*** The input ***
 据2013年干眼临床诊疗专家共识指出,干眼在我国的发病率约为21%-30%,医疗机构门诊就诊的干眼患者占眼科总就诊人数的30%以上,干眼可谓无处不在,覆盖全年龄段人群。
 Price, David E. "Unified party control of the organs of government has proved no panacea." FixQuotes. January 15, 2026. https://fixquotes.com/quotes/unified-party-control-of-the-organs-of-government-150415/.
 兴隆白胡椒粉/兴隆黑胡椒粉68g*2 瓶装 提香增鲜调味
*** End of The input ***
*** The input ***
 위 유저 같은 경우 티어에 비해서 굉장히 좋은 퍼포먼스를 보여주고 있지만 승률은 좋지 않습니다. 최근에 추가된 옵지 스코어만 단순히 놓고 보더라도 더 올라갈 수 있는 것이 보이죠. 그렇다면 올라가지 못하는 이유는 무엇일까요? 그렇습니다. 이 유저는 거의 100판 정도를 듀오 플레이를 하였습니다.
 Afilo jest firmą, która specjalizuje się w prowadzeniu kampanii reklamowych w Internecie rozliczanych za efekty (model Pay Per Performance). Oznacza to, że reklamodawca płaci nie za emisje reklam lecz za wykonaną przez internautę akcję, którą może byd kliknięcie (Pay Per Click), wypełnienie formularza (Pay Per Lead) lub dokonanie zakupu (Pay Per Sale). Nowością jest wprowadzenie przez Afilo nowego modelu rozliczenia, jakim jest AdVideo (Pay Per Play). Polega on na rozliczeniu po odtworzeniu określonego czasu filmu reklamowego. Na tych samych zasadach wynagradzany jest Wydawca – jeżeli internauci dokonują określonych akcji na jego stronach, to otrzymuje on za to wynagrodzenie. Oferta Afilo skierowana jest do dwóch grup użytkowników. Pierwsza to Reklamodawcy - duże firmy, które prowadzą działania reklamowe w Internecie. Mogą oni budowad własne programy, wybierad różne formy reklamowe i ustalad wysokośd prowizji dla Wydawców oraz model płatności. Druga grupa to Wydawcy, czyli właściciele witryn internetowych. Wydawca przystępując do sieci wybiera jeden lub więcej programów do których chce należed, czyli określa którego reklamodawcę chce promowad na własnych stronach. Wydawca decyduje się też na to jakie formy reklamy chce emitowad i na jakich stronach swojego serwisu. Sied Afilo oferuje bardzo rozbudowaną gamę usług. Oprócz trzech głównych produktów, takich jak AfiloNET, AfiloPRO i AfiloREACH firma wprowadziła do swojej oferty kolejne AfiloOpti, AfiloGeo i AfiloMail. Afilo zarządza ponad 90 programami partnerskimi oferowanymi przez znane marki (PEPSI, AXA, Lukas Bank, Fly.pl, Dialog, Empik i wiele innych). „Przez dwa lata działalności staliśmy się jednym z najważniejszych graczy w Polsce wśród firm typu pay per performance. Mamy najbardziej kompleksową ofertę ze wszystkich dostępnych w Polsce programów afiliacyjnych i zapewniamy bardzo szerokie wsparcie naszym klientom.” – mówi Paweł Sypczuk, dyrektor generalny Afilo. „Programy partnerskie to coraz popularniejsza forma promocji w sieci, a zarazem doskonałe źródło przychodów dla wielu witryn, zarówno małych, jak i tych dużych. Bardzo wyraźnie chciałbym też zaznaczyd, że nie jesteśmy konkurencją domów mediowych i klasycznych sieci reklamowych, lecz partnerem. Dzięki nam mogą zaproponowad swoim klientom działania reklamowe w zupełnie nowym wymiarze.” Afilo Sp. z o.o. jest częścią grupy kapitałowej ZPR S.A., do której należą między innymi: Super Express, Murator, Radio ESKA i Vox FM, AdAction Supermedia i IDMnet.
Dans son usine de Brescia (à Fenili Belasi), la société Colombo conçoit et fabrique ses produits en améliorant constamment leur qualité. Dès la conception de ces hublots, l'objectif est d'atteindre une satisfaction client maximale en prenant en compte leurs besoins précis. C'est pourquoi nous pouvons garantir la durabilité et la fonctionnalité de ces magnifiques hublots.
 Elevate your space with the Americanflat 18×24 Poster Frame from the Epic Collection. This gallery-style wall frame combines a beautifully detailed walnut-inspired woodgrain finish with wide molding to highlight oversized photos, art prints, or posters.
*** End of The input ***
Your objective: The range runs from the line with "据2013年干眼临床诊疗专家" up to and including the line with "兴隆白胡椒粉/兴隆黑胡椒粉68g*2 瓶装 提香增鲜调味" in the listing above; please write out exactly those lines and nothing more.

Final answer:
 据2013年干眼临床诊疗专家共识指出,干眼在我国的发病率约为21%-30%,医疗机构门诊就诊的干眼患者占眼科总就诊人数的30%以上,干眼可谓无处不在,覆盖全年龄段人群。
 Price, David E. "Unified party control of the organs of government has proved no panacea." FixQuotes. January 15, 2026. https://fixquotes.com/quotes/unified-party-control-of-the-organs-of-government-150415/.
 兴隆白胡椒粉/兴隆黑胡椒粉68g*2 瓶装 提香增鲜调味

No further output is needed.